# Data for the task
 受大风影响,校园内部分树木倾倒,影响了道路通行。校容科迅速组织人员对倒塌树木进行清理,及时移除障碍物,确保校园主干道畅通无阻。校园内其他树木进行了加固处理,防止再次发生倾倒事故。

---

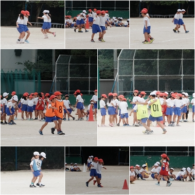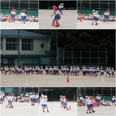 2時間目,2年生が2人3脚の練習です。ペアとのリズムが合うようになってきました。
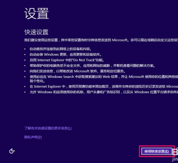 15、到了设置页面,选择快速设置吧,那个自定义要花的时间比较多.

# What the task asks
Go to the line above holding "2時間目,2年生が2人3脚の", then copy exactly each line down to and including the one holding "15、到了设置页面,选择快速设置吧,那个自定义要花的时间比较多.", leaving pictures out.

# Exercise solution
 2時間目,2年生が2人3脚の練習です。ペアとのリズムが合うようになってきました。
 15、到了设置页面,选择快速设置吧,那个自定义要花的时间比较多.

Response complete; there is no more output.